In 2015, Guston became the founding director of the School for the Future of Innovation in Society. He currently serves as an associate vice provost for discovery, engagement, and outcomes at ASU's Julie Ann Wrigley Global Futures Laboratory.

Guston's research and writing focus on the "social contract for science," the concept of "boundary organizations," the development of responsible innovation, and "anticipatory governance." His more than 200 publications include peer-reviewed articles, books and book chapters, and public commentary, and his work has been cited more than 20,000 times.

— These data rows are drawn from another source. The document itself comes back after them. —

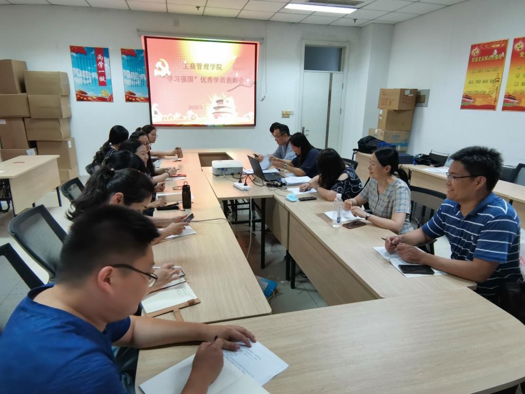 为庆祝中国共产党成立99周年,7月2日,工商管理学院在逸夫楼207会议室召开了学习强国优秀学员表彰会。学院党委副书记彭艳红主持召开会议,党委专职组织员、各党支部书记参加本次会议。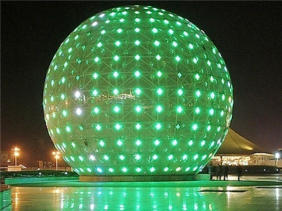 該網(wǎng)架直徑為56米,采用正放四角錐螺栓節(jié)點圓形四周采用中空夾角玻璃,自由排水,總工期90余天。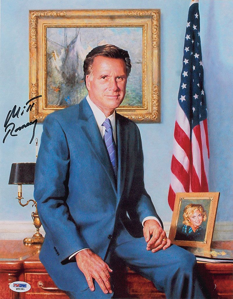 Color satin-finish 11 x 14 photo of Romney’s official portrait from his time as governor of Massachusetts, signed in black felt tip. In very fine condition, with a PSA/DNA label affixed to the lower left corner. Accompanied by a certificate of authenticity from PSA/DNA.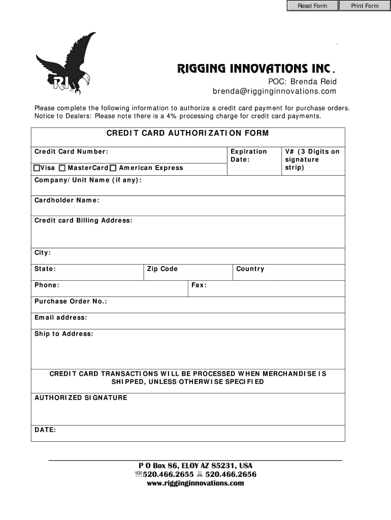 Submission Methods and Delivery of the Credit Card Authorization Form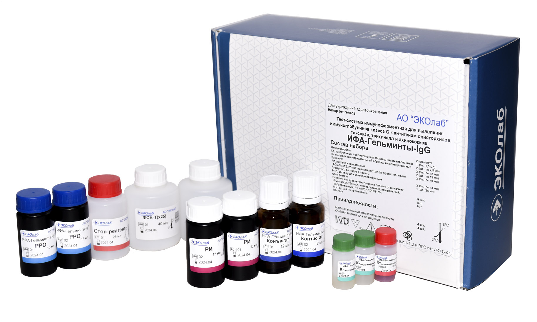 Тесты ЭкоЛаб отличаются высокой точностью и позволяют быстро выявить наличие антител в крови. Реагенты герметично упакованы в коробочки. Большая часть представлена в жидкой или сыпучей формах. Иммунологические исследования проводятся строго в соответствии с техникой безопасности и требуют особой осторожности от лаборанта. В коробке имеется всё необходимое для проведения тестирования.

His book Between Politics and Science: Assuring the Integrity and Productivity of Research won the American Political Science Association's Don K. Price prize for best book in science and technology policy in 2002

In 2017, Guston was the lead editor of a new edition of Mary Shelley's Frankenstein published by MIT Press. Reviewers say the new edition offers "a valuable set of approaches to the ethical questions the original Frankenstein raises" as well as "lessons for scientists—on hubris, intellectual property, mentorship, isolation, and the temptations of pursuing technical elegance above all else." The publication was part of ASU's Frankenstein Bicentennial Project, which Guston created and helmed with colleague Ed Finn. Finn, Joey Eschrich, and Guston now edit a new series at MIT Press, Imagination, Annotated

Guston was the founding editor of the Journal of Responsible Innovation and continues to serve on its editorial board. He also served as the North American editor of the journal Science and Public Policy

He has appeared on BBC Radio 3, BBC Radio 4, NPR's Science Friday and The Diane Rehm Show. Guston is also contributor to Issues in Science and Technology, and his opinion writing has appeared in The Wall Street Journal, The Chronicle of Higher Education, and elsewhere.